Extinct language family of California

Chumashan is an extinct and revitalizing family of languages that were spoken on the Central and southern California coast by Native American Chumash people, from the Coastal plains and valleys of San Luis Obispo to Malibu, neighboring inland and Transverse Ranges valleys and canyons east to bordering the San Joaquin Valley, to three adjacent Channel Islands: San Miguel, Santa Rosa, and Santa Cruz.

The Chumashan languages may be, along with Yukian and perhaps languages of southern Baja California such as Waikuri, one of the oldest language families established in California, before the arrival of speakers of Penutian, Uto-Aztecan, and perhaps even Hokan languages. Chumashan, Yukian, and southern Baja languages are spoken in areas with long-established populations of a distinct physical type. The population in the core Chumashan area has been stable for the past 10,000 years. However, the attested range of Chumashan is recent (within a couple thousand years). There is internal evidence that Obispeño replaced a Hokan language and that Island Chumash mixed with a language very different from Chumashan; the islands were not in contact with the mainland until the introduction of plank canoes in the first millennium AD.

Although the Chumashan languages are now extinct or dormant, language revitalization programs are underway with four of these Chumashan languages. These languages are well-documented in the unpublished fieldnotes of linguist John Peabody Harrington. Especially well documented are Barbareño, Ineseño, and Ventureño. The last native speaker of a Chumashan language was Barbareño speaker Mary Yee, who died in 1965.

==Family division==

===Languages===

Six Chumashan languages are attested, all now extinct. However, most of them are in the process of revitalization, with language programs and classes. Contemporary Chumash people now prefer to refer to their languages by native names rather than the older names based on the local missions.

- Chumashan
  - Northern Chumash
    - Obispeño (also known as Northern Chumash)
Also known as Tilhini by students of the language, after the name of the major village near which the mission was founded.
  - Southern Chumash
    - Island Chumash (mixed with non-Chumash)
      - Island Chumash (also known as Ysleño, Isleño, Cruzeño)
Was spoken on the three inhabited islands in the Santa Barbara Channel Islands: Santa Rosa, San Miguel, and Santa Cruz.
    - Central Chumash
      - Purisimeño
      - Sʰamala (Ineseño)
Also spelled Samala, spoken by the Santa Ynez Band. Currently being revived.
      - Barbareño
The name Shmuwich or Šmuwič (meaning "coastal") is used by some organizations, but is not universally accepted. Currently being revived.
      - Mitsqanaqa'n (Ventureño)
Students of the language and community members renamed the language after the name of a major village near which the mission was founded.

Obispeño was the most divergent Chumashan language. The Central Chumash languages include Purisimeño, Ineseño, Barbareño and Ventureño. There was a dialect continuum across this area, but the form of the language spoken in the vicinity of each mission was distinct enough to qualify as a different language.

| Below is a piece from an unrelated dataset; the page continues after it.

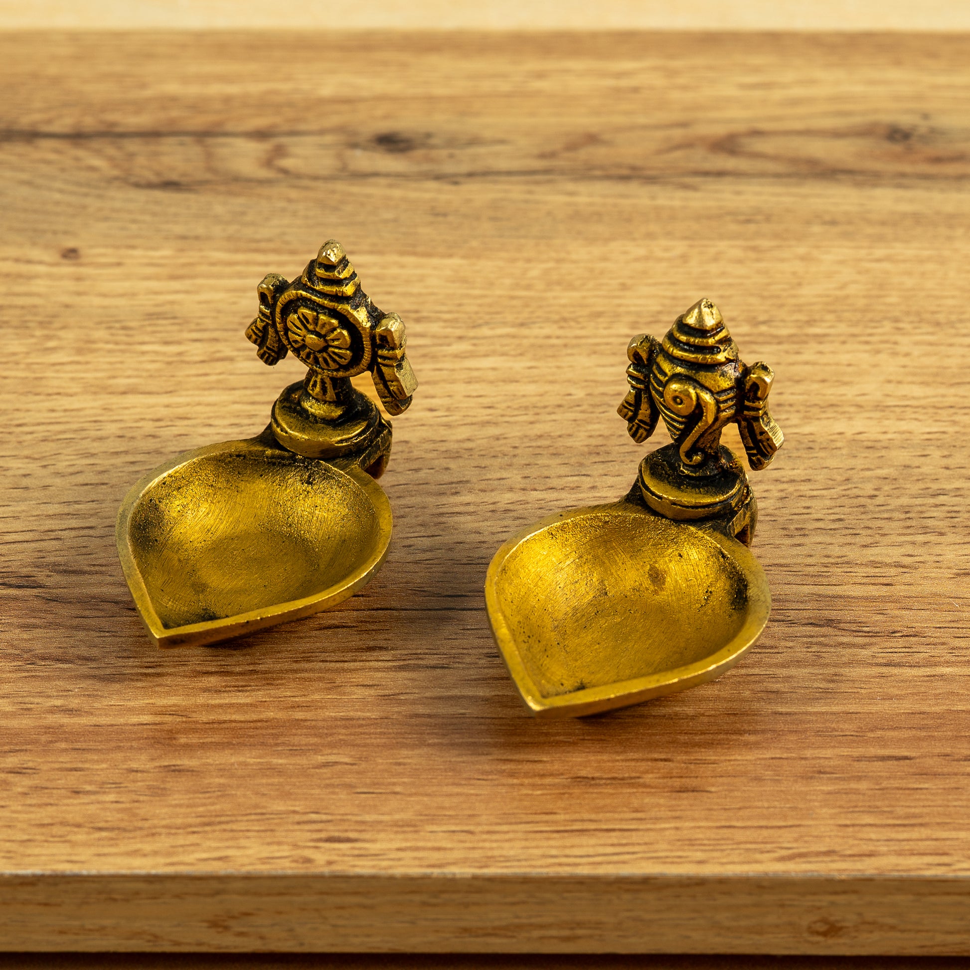 Handcrafted Small Sudharsana and Changu Vilakku — a divine symbol of prosperity, blessings, and light.

There is very little documentation of Purisimeño. Ineseño, Barbareño and Ventureño each had several dialects, although documentation usually focused on just one. Island Chumash had different dialects on Santa Cruz Island, San Miguel Island and Santa Rosa Island, but all speakers were relocated to the mainland in the early 19th century. John Peabody Harrington conducted fieldwork on all the above Chumashan languages, but obtained the least data on Island Chumash, Purisimeño, and Obispeño. There is no linguistic data on Cuyama, though ethnographic data suggests that it was likely Chumash (Interior Chumash).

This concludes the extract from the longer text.